Dear Tom and Ray:
I recently drove from Mississippi to Oklahoma to visit my family for Christmas. I made my trip one day after a winter storm moved through the area. I saw several vehicles off in the ditch, which I presumed were accidents that happened the day before, when driving conditions would have been much more hazardous. After seeing a few of these unfortunates, I noticed something strange. Many, or perhaps even most of these vehicles were sport utility vehicles. Were they equipped with four-wheel drive? I didn't slow down enough to notice, but it got me thinking. You would think these vehicles would be the least likely to lose control on slippery roads. Were the drivers of these vehicles overconfident? Are the marketing departments of the car manufacturers overselling the "go anywhere, do anything" aspect of these vehicles (think of all those TV commercials showing SUVs bursting through snowdrifts, climbing steep trails, etc.)? I guess what I'm asking is if you've had reports of similar occurrences from elsewhere in the country. It would be easy to dismiss this as a case of Southerners being so unused to driving on icy roads that their lack of skills sends them skidding off the roads in droves, but that doesn't account for the preponderance of this one type of vehicle. -- John
RAY: You nailed it right on the head, John. The manufacturers sell these SUVs as invulnerable, unstoppable behemoths, not subject to the laws of nature or physics.
TOM: So when your neighbor Fred plunks down 35 big ones for his 4,000-pound Chevy Compensator, what do you think he's dying to do? Try it out! As soon as there's a snowstorm, he thinks it's a great time to race out and stock up on light bulbs.
RAY: Not only that, but he fundamentally misunderstands the capabilities of his vehicle. Four-wheel drive will help you GO in the snow. It won't help you STOP.
TOM: And it's limited in what it can do to help you TURN. SUVs, despite what you see in the ads, cannot repeal the laws of physics. When you exceed the limit of the tires' grip in the snow (which is easy to do), even eight-wheel drive won't help you -- because there's not enough for ANY of the wheels to grab onto.
RAY: Think about what happens when you walk in the snow. If you have dress shoes on, you have to be pretty darn careful and walk slowly. If you have on some big, waffle-stomper boots, you can walk with a little more confidence. But if you try to run, even with the boots, you could easily slip. And if you run and then need to turn or stop suddenly, get ready for a face plant!
TOM: Similarly, when there's snow on the highway and everyone else is driving carefully at 35 mph, and Fred goes barreling down the passing lane at 70 mph, when the highway turns left he keeps going straight. And into the ditch.
RAY: If this was simply a case of Darwinism, where people who act like morons get eliminated from the gene pool, we'd be fine with that. But sadly, these overconfident knuckleheads often take the lives of innocent people with them when they spin off the road in their 4,000-pound trucks.
TOM: So, here's our humble suggestion: The next time some innocent driver gets injured or killed by an SUV going too fast in bad weather, the family needs to sue the manufacturer of the SUV.

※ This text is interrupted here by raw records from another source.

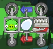 Для получения трёх звёзд нужно создать два свиномобиля. Сначала попытайтесь уложиться в отведённое время. Включите мотор и активируйте синюю ракету. Когда свиномобиль доедет до верха, вы увидите кочку. Сначала притормозите, потом опять включите мотор (прямо перед кочкой). После этого свиномобиль должен перевернуться в воздухе, колеса, присоединяемые к мотору, должны оказаться сверху. Когда транспорт будет падать вниз, активируйте ракету. Также активируйте колёса, но ненадолго, а то свиномобиль перевернётся. А когда транспорт окажется в туннеле, включайте мотор и неситесь к финишу. Во второй попытке делайте всё тоже самое, только нужно доехать до коробки со звездой.
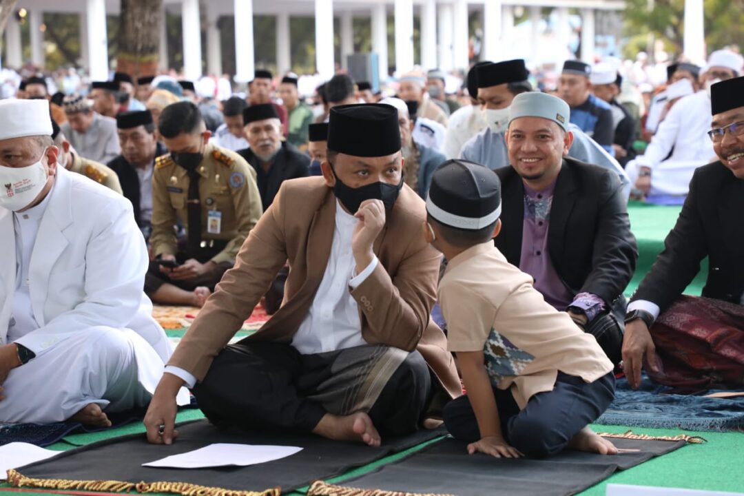 Bupati Bantaeng, Ilham Syah Azikin bersama Wakil Bupati Bantaeng, Sahabuddin para unsur Forkopimda, Ketua TP PKK Bantaeng, Sri Dewi Yanti, dan Ketua GOW Bantaeng, Rahma Arsyad mengikuti pelaksanaan Sholat Idul Fitri bersama masyarakat Bantaeng di Lapangan Pantai Seruni, Senin (2/5/2022).
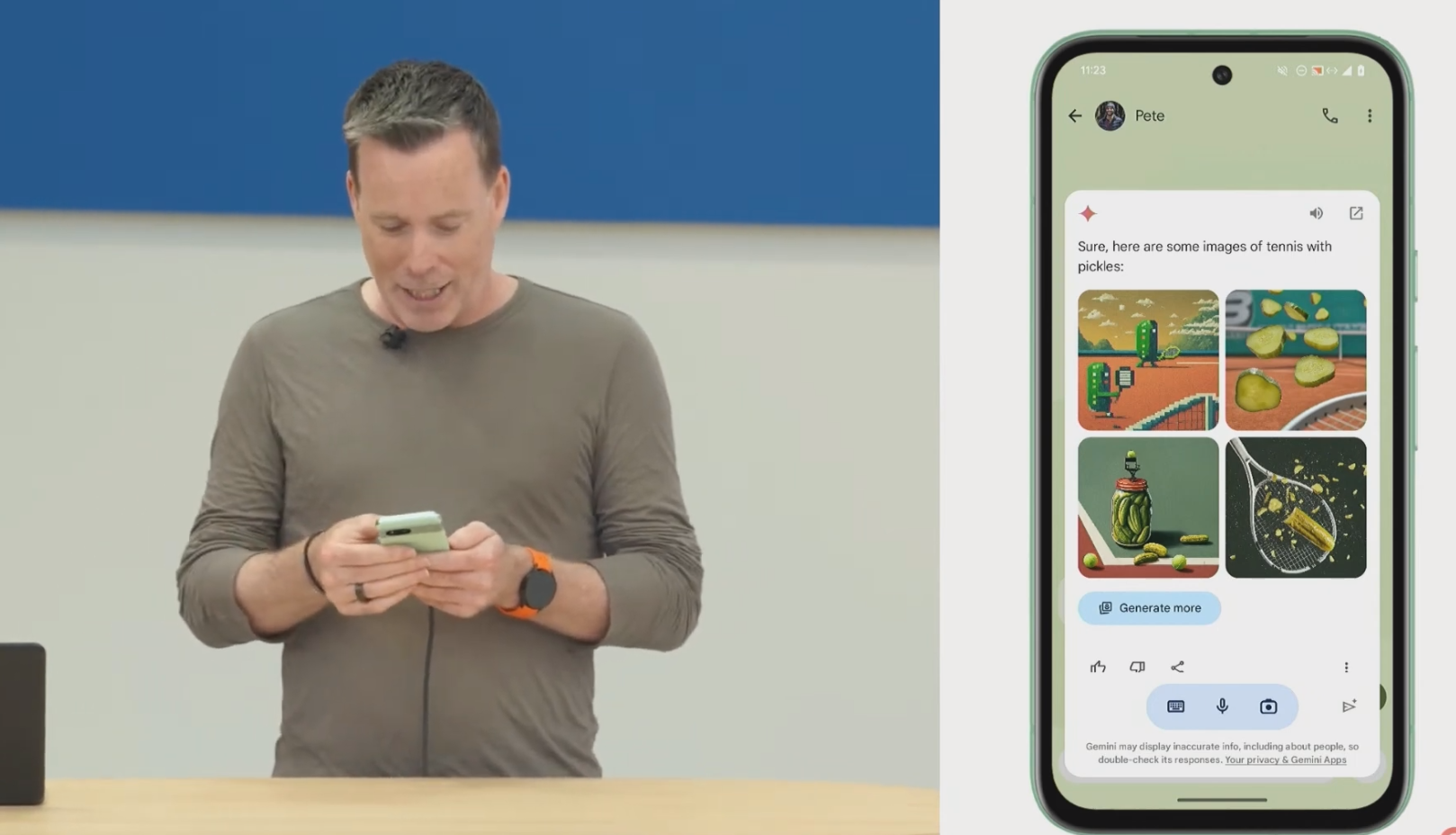 • AI와의 실시간 상호작용: 새로운 Pixel 8A 기기를 사용하여 Gemini AI와의 실시간 상호작용을 시연하였습니다. 사용자는 앱을 사용하면서 AI에게 질문을 하거나, 도움을 요청할 수 있습니다. 예를 들어, 친구에게 유머러스한 메시지를 보내기 위해 "피클과 테니스" 이미지를 생성해 달라고 요청하면, AI가 즉시 이미지를 생성하여 메시지 앱에 드래그 앤 드롭할 수 있습니다.

RAY: If manufacturers weren't overselling the capabilities of these trucks in TV commercials day and night, good old Fred might never have been tempted to drive like an idiot. He might have been perfectly happy to have better-than-average traction and simply get where he needed to go with more confidence in lousy weather. But since he sees his truck bounding across the arctic at 70 mph every night on TV, kicking up snow and leaving everyone else in its wake, he figures he should be able to do the same thing. Wouldn't you?
TOM: So, to the family of the next innocent victim of this irresponsible advertising, when you file your lawsuit against the manufacturer, let us know. We'll be behind you all the way.